Referring now to FIG. 2, an example process for analyzing a query/answer pair 102 (also referred to herein as a “question-answer pair”) is illustrated. A query/answer pair 102 for a query is provided as input to a BERT model 104. As a non-limiting example, the BERT model 104 may be a legal BERT model trained on legal documents, such as case law. The output of the BERT model 104 is provided to a classifier 106, which produces a determination 108 as to whether the answer is a satisfactory answer or an unsatisfactory answer. The classifier 106 may be any known or yet-to-be developed classifier model, such as a feed-forward neural network classifier. In some embodiments, the function of the classifier 106 is provided by the BERT model 104 and is not a separate model. For example, the last layer of the BERT model 104 may be a classification layer. The BERT model 104 may output a probability for each class (i.e., a satisfactory answer or an unsatisfactory answer), and this probability value is used to determine whether the answer is satisfactory or not. In the example of FIG. 2, the answer has a probability of a satisfactory answer of 0.95 and is therefore selected as a satisfactory answer.

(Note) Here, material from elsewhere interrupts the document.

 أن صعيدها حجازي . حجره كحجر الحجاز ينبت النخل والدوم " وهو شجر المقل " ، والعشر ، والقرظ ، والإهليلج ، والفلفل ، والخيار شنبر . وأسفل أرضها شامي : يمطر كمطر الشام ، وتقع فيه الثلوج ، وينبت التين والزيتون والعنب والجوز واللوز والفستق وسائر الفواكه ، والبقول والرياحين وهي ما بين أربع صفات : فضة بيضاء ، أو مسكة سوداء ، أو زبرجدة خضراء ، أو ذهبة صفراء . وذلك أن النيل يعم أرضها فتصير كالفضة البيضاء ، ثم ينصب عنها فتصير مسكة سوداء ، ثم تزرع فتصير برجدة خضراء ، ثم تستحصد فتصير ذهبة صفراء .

As stated above, the BERT model 104 produces intermediate data in the form of attention matrices that give the importance of each token to every other token in the answer. Embodiments of the present disclosure use the importance of each answer token to the query to find the attributions to each word of a query/answer pair 102.
FIG. 3 illustrates a simple attention matrix 110 as an example. The attention matrix 110 comprises the query word tokens in the columns and the answer word tokens in the rows.

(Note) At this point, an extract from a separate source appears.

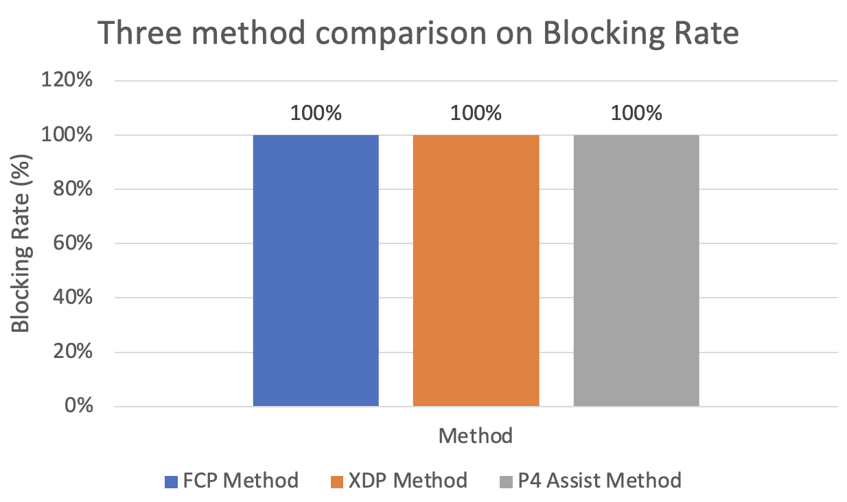 For the blocking rate, all method achieve 100%. It's not surprise since it will detain the packet and verify the packet. The invalid packet is impossible to forward without forward operation by validator.

The values of each word token in the answer are summed to produce a total value for each token. In the example of FIG. 3, for the word token “Apples,” it has a value of 0.2 for word token “What,” a value of 0.1 for word token “is,” and a value of 0.5 for word token “red” of the query. Thus, the word token “Apple” receives a total value of 0.8. In this example, the word token “red” as a total value of 0.9 and is the most important word according to the attention matrix 110.
The BERT model 104 used to classify the question-answer pairs generates many attention matrices 110. Thus, it becomes desirable to select the attention matrices that will produce the optimal results with respect to determining the most important words of an answer. FIG. 4 illustrates an example 12Ă—8 matrix of individual attention matrices, where each block is an individual attention matrix 110.
The output of the example BERT model 104 of FIG. 4 includes eight attention heads that relating to different features and twelve sequential layers, with each individual attention head and individual layer combination producing an individual attention matrix. Some attention heads may be redundant, and some attention matrices may be less valuable than others. Accordingly, it may be desirable to select an optimal combination of attention matrices to calculate the scores for the answer tokens.
An initial attempt calculated the token scores using the attention matrices of all of the attention heads of the last layer, as shown by the dark attention matrices in the last column of the BERT output 114 shown in FIG. 4. However, this approach achieved poor results and therefore a method of selecting the best attention matrices was developed and applied.
FIG. 5A and FIG. 5B illustrate two different potential sets of selected attention matrices, where the dark blocks represent the selected attention matrices. FIG. 5A shows an example case where the attention matrices of entire layers are selected to calculate the attributions for the word tokens. In FIG. 5B, only some attention matrices of various selected layers are selected to calculate the attributions for the word tokens.
To determine the optimal attention matrices to calculate the attributions for the word tokens, embodiments of the present disclosure utilize a loss function that uses the layers and heads as hyperparameters. Referring now to FIG. 6, a training set with query/answer pairs 102 and ground truth 116 highlights was used. The each query/answer pair 102 was used to generate a BERT output 114 that was further used to generate answer 118 having highlighted words. A loss was calculated between the highlighted words of the answer 118 and the highlighted words of the ground truth 116. Thus, the loss is proportional to the number of disagreements (i.e., Hamming distance) between the answer 118 highlighted terms and the ground-truth highlighted terms. In the example of FIG. 6, there are two disagreements.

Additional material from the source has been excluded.